Cumulative reservoir properties, after appropriate cutoffs are applied, provide information about the pore volume (PV), hydrocarbon pore volume (HPV), and flow capacity (KH) of a potential pay zone. These values are used to calculate hydrocarbon in place, recoverable reserves, and productivity of wells. The following algorithm is a highly simplified one-pass approach, which would need considerable adjustment to run on a real computer. However, it is suitable for discussion purposes (Guo 2004).

It is normal to apply cutoffs to each calculated result to eliminate poor quality or unproductive zones. Cutoffs are usually applied to shale volume, porosity, water saturation, and permeability. The layer is not counted as “pay” if it fails any one of the four cutoffs. Typical cutoffs are:

$${\text{IF}}\left( {{\text{VSH}}_{{\max} } \le {\text{SH}}_{{\max} } } \right)*\left( {{\text{PHI}}_{\text{e}} \ge {\text{PHI}}_{{\min} } } \right)*\left( {S_{\text{w}} \le {\text{SW}}_{{\max} } } \right) = 1$$
(5)
$${\text{THEN PAYFLAG}} = 1$$
$${\text{ELSE PAYFLAG}} = 0$$
$$H_{\text{net}} = {\text{SUM}}\left( {{\text{PAYFLAG}}*{\text{INCR}}} \right)$$
(6)

where:

  • Hnet = net pay

  • INCR = digitizing increment

  • PHImin = porosity cutoff (fractional)

  • PHIe = effective porosity (fractional)

  • Sw = water saturation (fractional)

  • SWmax = saturation cutoff (fractional)
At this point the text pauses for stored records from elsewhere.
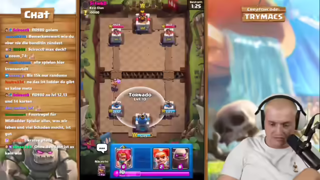04:20:10Der finale Abschnitt schildert das entscheidende Spiel um den Aufstieg in Clash Royale, geprägt von intensiver Taktik, Frustration und letztendlichem Triumph. Es werden detaillierte Spielzüge analysiert, von der Wahl der Starterhand bis hin zu den finalen Entscheidungen, die zum Sieg führen. Die Diskussionen zwischen den Spielern sind von hoher emotionaler Intensität, da der Druck, das Ziel zu erreichen, spürbar ist. Es wird deutlich, wie wichtig es ist, in kritischen Situationen einen kühlen Kopf zu bewahren und sich auf die strategischen Vorgaben zu konzentrieren. Der Abschnitt zeigt auch die Frustration über Fehlentscheidungen und unglückliche Spielverläufe, die jedoch durch den gemeinsamen Willen zum Sieg überwunden werden. Am Ende steht der ersehnte Erfolg: Der Aufstieg wird erreicht, und die Freude über den Triumph ist grenzenlos. Der Abschnitt verdeutlicht, dass der Weg zum Erfolg in Clash Royale von harter Arbeit, strategischem Denken und der Fähigkeit, auch in schwierigen Momenten zusammenzuhalten, geprägt ist. Der Streamer erreicht 10.000 Trophäen.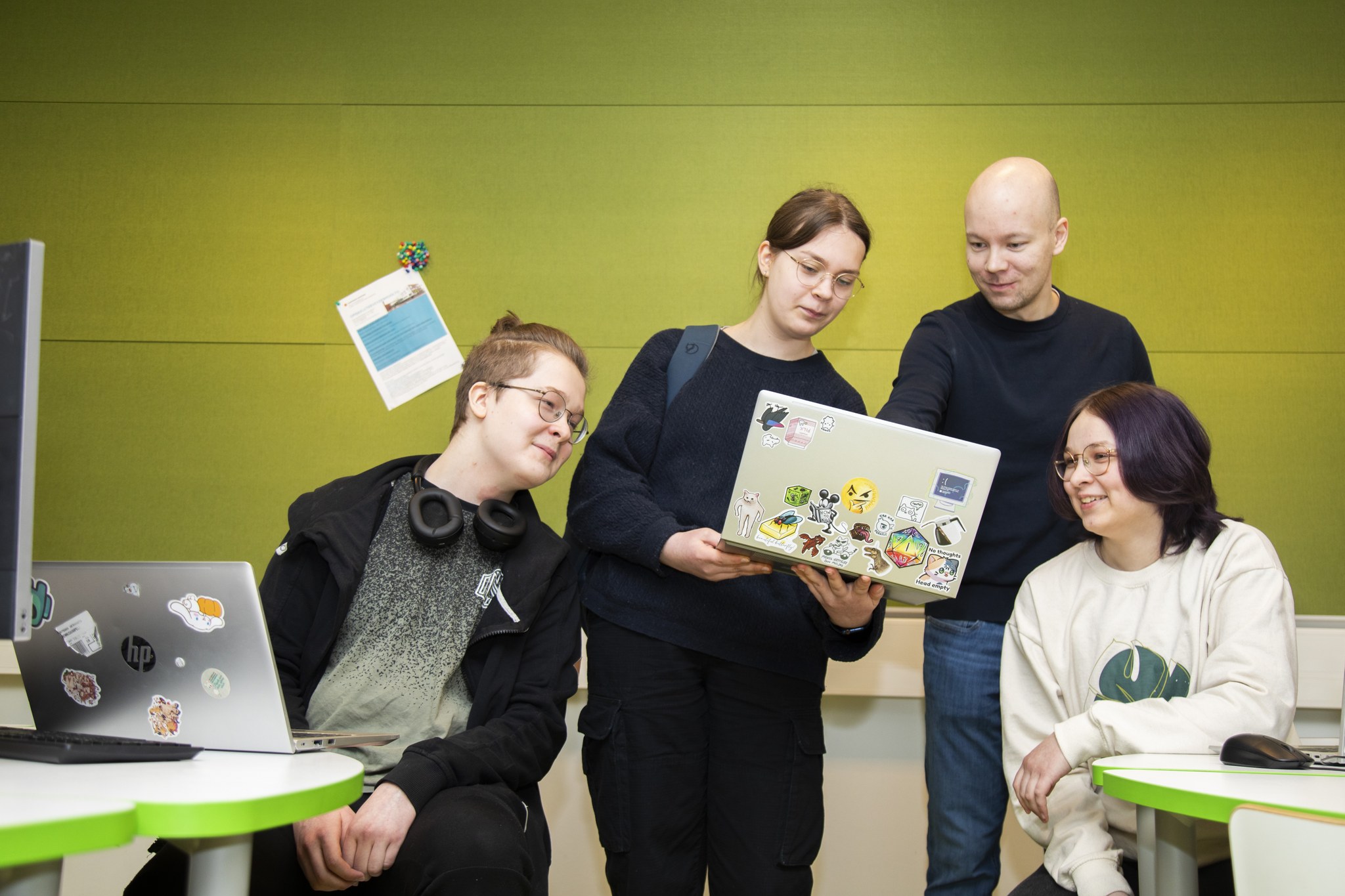- Täällä pääsee opiskelemaan pelien tekemistä alusta alkaen ja työryhmässä, niin kuin työelämässäkin. Tätä tekemässä oli noin viisitoista ihmistä. Ideoista valitaan parhaat ja yhteistyöllä tästä pelistä tuli kevyempi ja sujuvampi, Mäkinen kertoo.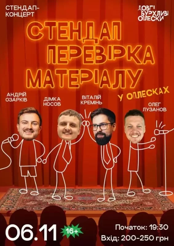 Запрошуємо на перевірку матеріалу, де коміки виступатимуть зі своїми новими жартами, докручують старі та смішать вас. Спокійний стендап вечір у хорошій компанії.
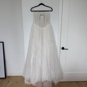 Watters BHLDN Magali Wedding Gown in Ivory. Women's Size 14. Features pleated tulle mesh overlay, strapless, sweatheart neck, bra pads, long floor length maxi skirt, skirt train, zipper closure. 100% polyester. Arm straps/accessories not sold with this. Never worn or altered. Brand new with tags. Retail $1800.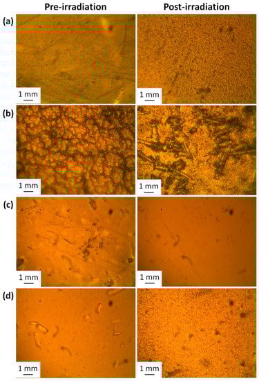 - Ahmed, A.A.; Ahmed, D.S.; El-Hiti, G.A.; Alotaibi, M.H.; Hashim, H.; Yousif, E. SEM morphological analysis of irradiated polystyrene film doped by a Schiff base containing a 1,2,4-triazole ring system. Appl. Petrochem. Res. 2019, 9, 169–177. [Google Scholar] [CrossRef] [Green Version]

  • VSH = volume of shale (fractional)

  • VSHmax = shale volume cutoff (fractional).

Typically:

  • VSHmax = 0.25–0.45

  • PHImin = 0.03–0.16

  • SWmax = 0.30–0.70.

These values must be appropriate for the rock sequence. Values in unconventional reservoirs may be more extreme. In reservoir simulation work, the net reservoir is also needed. In this case, set SWmax = 1.00 (Guo 2004). The effective porosity, water saturation, reservoir, and net pay zone are shown in Fig. 7. Table 3 describes the numerical values of the net pay estimation. The pay thickness is estimated to be 10.8 m, whereas residual and non-residual thicknesses are estimated to be 12 m and 1 m, respectively.

Fig. 7
figure 7

Porosity, water saturation, reservoir, and net pay zone (left to right) of the area

Table 3 Net pay estimation of the South Tapti basin

6 Conclusions

  1. 1.

    The volume of shale is calculated using gamma ray and neutron–density log which shows a trend without much variation till 1865 m before it shows a marked decrease in volume until a depth of 1876 m. The volume of shale decreases again between 1914 and 1930 m depth.

  2. 2.

    The depth interval between 1866 and 1874 m witnesses the neutron and the density porosity crossover indicating the presence of a gas zone. The gamma ray count is also low in this zone. The average porosity however is high (30–45)%. This suggests along with the cross-plot results that the reservoir is sandstone with high porosity between 1866 and 1874 m.

  3. 3.

    The water saturation is very low in the reservoir zone, and resistivity curve in deep region (Rt) is high concurring with our inference for the presence of a gas zone.

  4. 4.

    The lithology is predicted using different cross-plots like neutron–density, sonic–neutron, and sonic–density which also indicates the presence of sandstone reservoir at (1866–1874) m and limestone at (1841–1845) m and (1900–1915) m.

  5. 5.

    The flushed zone water saturation is found using resistivity of mud filtrate and resistivity of flushed zone. Residual oil saturation(ROS) , movable oil saturation (MOS), and movable hydrocarbon index (MHI) are found, and it is observed that hydrocarbons are movable as MHI < 0.7.

  6. 6.

    Reservoir and pay zone analysis is performed, and it is found that the reservoir is 12 m thick and pay zone is 10.8 m thick which makes it a good reservoir.